The ban by Kenya on the importation of Ugandan sugar is hurting the business, Uganda National Chamber of Commerce and Industries – UNCCI has revealed. Sundeep Mohanty, the Vice president of UNCCI says that the effect of the ban, which has been in place since December 2012 has started spreading to other sectors beyond the sugar industry.
Mohanty however, says that government has sent a team to Kenya to help seek an end to the ban adding that, Uganda Revenue Authority also sent a team to the Uganda-Kenyan border to verify the situation and establish the quantity of goods being held at the border. Mohanty fears that if allowed to continue, the ban would set a bad precedent among the East African community member countries who are supposed to enjoy free movement of goods and services.
He says Uganda National Chambers of Commerce and Industry is piling pressure on the government to quickly help end the impasse, which he said was causing worry among Ugandan traders. Mohanty says there has been no clear explanation from the Kenyan authorities over the ban.
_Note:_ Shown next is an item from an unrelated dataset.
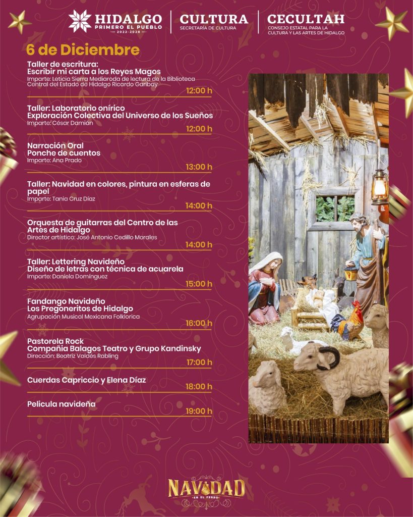 El sábado 6 de diciembre continuarán las actividades con talleres creativos como “Escribir mi carta a los Reyes Magos”, pintura de esferas, lettering navideño y narración oral. Ese día destaca la participación de agrupaciones artísticas con propuestas como el Fandango Navideño de Los Pregoneritos de Hidalgo, la pastorela rock de Balagos Teatro y Grupo Kandinsky, así como la presentación de Cuerdas Capriccio y Elena Díaz. La jornada cerrará con una película navideña.
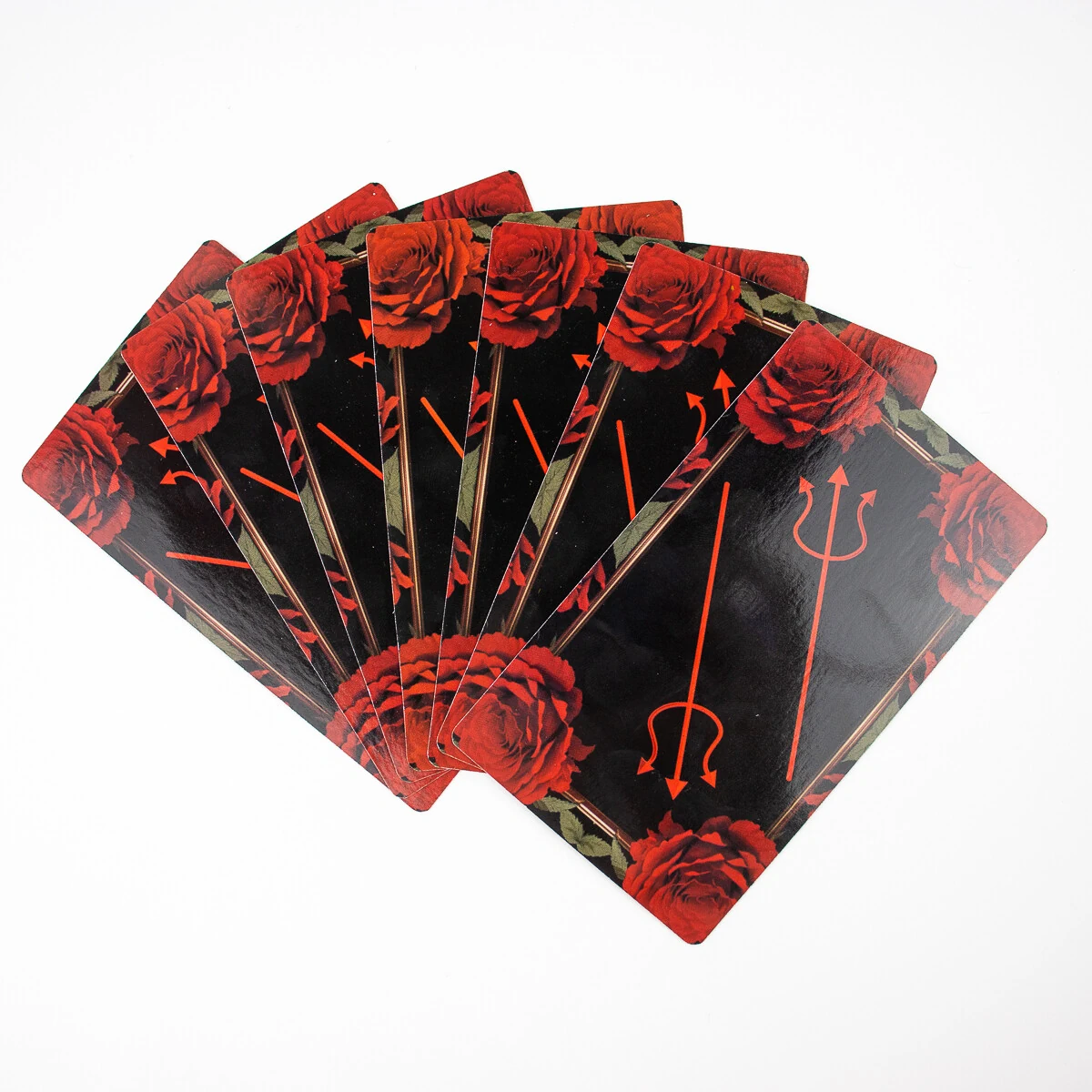 O Legítimo Tarô da Maria Padilha 36 Cartas Plastificado possui 36 cartas confeccionadas em papel cartão muito resistente e de alta qualidade. Com cores vivas e desenhos bem detalhados o nosso baralho é perfeito para que você tenha um excelente jogo. As cartas desse baralho são rígidas e leves facilitando o manuseio durante a leitura do jogo. Acompanha um manual super detalhado e com as informações necessárias para te auxiliar a fazer um bom jogo!

Monanty explained that a wide section of the business community ranging from sugar cane farmers, producers and traders who have been seeking to expand their capacity to target the East African market have been hit by the ban. In 2009, five countries comprising Uganda, Kenya, Burundi, Rwanda and Tanzania signed a protocol on the establishment of the East African Community Common Market, which became operational on 1 July 2010.
The common market provides for free movement of goods, labor, services and capital. This is aimed at boosting trade, investments and increasing productivity across the region.